Python

Quick Install

python -m pip install hyperarrow

You may also want to test your installation with pytest

python -m pip install pytest
python -c "import hyperarrow as hal; hal.test()"

Usage Example

Writing to a Hyper file

import pyarrow as pa
import hyperarrow as hal

schema = pa.schema(
    [
        ("int16", pa.int16()),
        ("int32", pa.int32()),
        ("int64", pa.int64()),
        ("float64", pa.float64()),
        ("boolean", pa.bool_()),
        ("string", pa.utf8()),
        ("date", pa.date32()),
        ("datetime", pa.timestamp("us")),
    ]
)

tbl = pa.Table.from_pydict(
    {
        "int16": range(3),
        "int32": range(3),
        "int64": range(3),
        "float64": [1.0, 2.0, 3.0],
        "boolean": [True, False, True],
        "string": list("abc"),
        "date": [
            datetime.date(1900, 8, 15),
            datetime.date(1970, 1, 2),
            datetime.date(2021, 12, 23),
        ],
        "datetime": [
            datetime.datetime(1900, 8, 15, 12, 36, 0),
            datetime.datetime(1970, 1, 2, 22, 42, 17, 0),
            datetime.datetime(2021, 12, 23, 14, 32, 59, 0),
        ],
    },
    schema=schema,
)

hal.write_to_hyper(tbl, str(tmp_hyper), "schema", "table")

Reading from Hyper

import hyperarrow as hal

hal.read_from_hyper(str(tmp_hyper), "schema", "table")

Comparison to pantab

The TLDR of HyperArrow’s advantage over pantab pantab is that it provides more native type resolution, while also future-proofing and using an Arrow library that is expected to grow in usage and importance in the data space.

Data Types

Pandas was built using the NumPy type system. While this has served open source analytics communities well, it has some shortcomings that are worth noting.

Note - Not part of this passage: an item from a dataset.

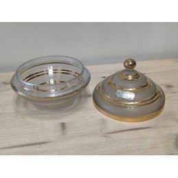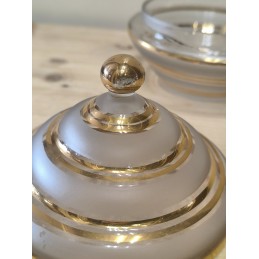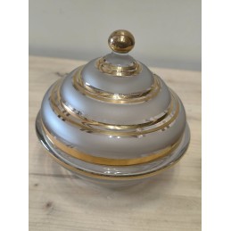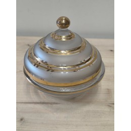 Attention, un petit coup (voir photos) et petite perte de dorure au niveau de la boule sur le couvercle

For starters, integer types are not nullable in the NumPy type system. In the presence of NULL, arrays are coered to a float type. Due to the nature of floating point arithmetic, this can lead to imprecise calculations after coercion. This also has undesirable effects when working with smaller types (say uint8_t) that occupy a much smaller address space than double_t types in memory.

Pandas attempts to work around this with its own extended type system. Nullable types are often represented in pandas with capital letters (ex: Int64 is a nullable integer, int64 is not). While this may prevent issues with floating point inaccuracies, it introduces memory overhead, design complexity, and to date is not as natively optimized as standard NumPy arrays.

By contrast, Arrow has a simplified type system. Primitive types are all supported natively with or without nullability. Fortunately enough, this type system is also closer to what Hyper expects, requiring less ambigous rules for converting between the two formats.

Leveraging the Arrow Format

pantab is built off of pandas, which has its own internal memory representation that isn’t widely compatible with other processes or langauges. Arrow as a project solves this amongst other things. You can read more about what Arrow does in the Apache Arrow Documentation.